This paper focuses on an automated way to generate multiple history-matched reservoir models with the inclusion of both geological uncertainty and varying levels of trust in the production data, using wavelet methods. As opposed to previously developed automated history-matching algorithms, this methodology not only ensures geological consistency in the final models but also includes uncertainty in the production data.
A data distribution, such as a permeability field, can be (reversibly) transformed into wavelet space in which it is fully described by a set of wavelet coefficients. It was found that different subsets of the collection of wavelet coefficients can be constrained separately to (a) the production history and (b) the geological constraints. This means that the history match need be performed only once, after which multiple realizations can be generated by adjusting only the second subset of coefficients.
The ability to include both geological and production-data uncertainty into the reservoir model automatically is of great consequence to reservoir modeling and, hence, to reservoir management, risk analysis, and making key economic decisions.

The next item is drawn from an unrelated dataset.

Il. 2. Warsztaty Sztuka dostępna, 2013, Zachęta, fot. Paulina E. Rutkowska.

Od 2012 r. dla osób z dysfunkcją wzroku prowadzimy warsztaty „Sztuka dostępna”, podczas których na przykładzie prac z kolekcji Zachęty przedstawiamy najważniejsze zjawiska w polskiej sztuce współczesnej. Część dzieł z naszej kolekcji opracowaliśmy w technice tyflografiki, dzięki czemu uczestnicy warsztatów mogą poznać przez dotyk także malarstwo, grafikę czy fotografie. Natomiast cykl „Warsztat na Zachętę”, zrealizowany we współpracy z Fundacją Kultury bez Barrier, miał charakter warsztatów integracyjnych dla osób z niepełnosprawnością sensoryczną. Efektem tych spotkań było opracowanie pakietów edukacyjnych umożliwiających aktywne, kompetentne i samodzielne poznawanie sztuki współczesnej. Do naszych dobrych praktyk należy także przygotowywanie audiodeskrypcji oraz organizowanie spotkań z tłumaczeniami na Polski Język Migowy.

A more complete and realistic reservoir model will lead to better reservoir production and development decisions.
Reservoir modeling is an important step in forecasting the performance of a reservoir, forming the basis for reservoir management, risk analysis, and making key economic decisions. A history match, however, is not a sufficient condition for a reservoir to make better predictions for future production. The model should at least conform to all the available data and the geologist's prior conception of the reservoir. Thus, the purpose of reservoir modeling is to use all available sources of information to develop such a reservoir model. This model then can be used to forecast future performance and optimize reservoir-management decisions.

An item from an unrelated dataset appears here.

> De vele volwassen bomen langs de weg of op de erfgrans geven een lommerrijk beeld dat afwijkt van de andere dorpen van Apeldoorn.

It is essential to integrate all the different sources of data to provide the most complete reservoir model or models (Landa and Horne 1997; Landa 1997; Wang 2001). Our model certainty is always limited by the data available to us. As such, it is never possible to infer or develop a reservoir model with full certainty. However, the optimal use of all consistent data available will yield reservoir models that are less and less uncertain. Herein lies the significance of methodologies that can realistically and efficiently integrate different sources of reservoir information.

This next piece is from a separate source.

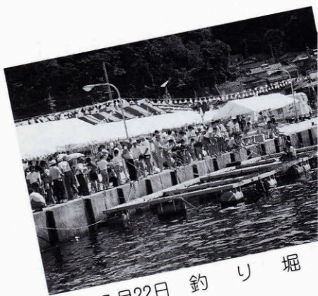
▲ 7月22日 釣 り 堀

Reservoir data are, generally speaking, divided into two categories: production data (e.g., pressure and water-cut histories from wells) and all other sources of data (e.g., core samples, seismic, and well logs). This second category of data depends on reservoir properties like porosity and permeability in a relatively direct way. Core samples can be used to provide porosity and permeability measurements at specific locations (well locations); semivariograms (Deutsch and Journel 1998; Isaaks and Srivastava 1989) obtained from outcrops, for example, act as spatial statistics information, and seismic surveys may provide 3D impedance distributions that can be inverted and used as "soft-conditioning data" at the corresponding locations. These different sources of data can be combined together with different approaches (e.g., Bayesian probability techniques) to give a single set of probabilities.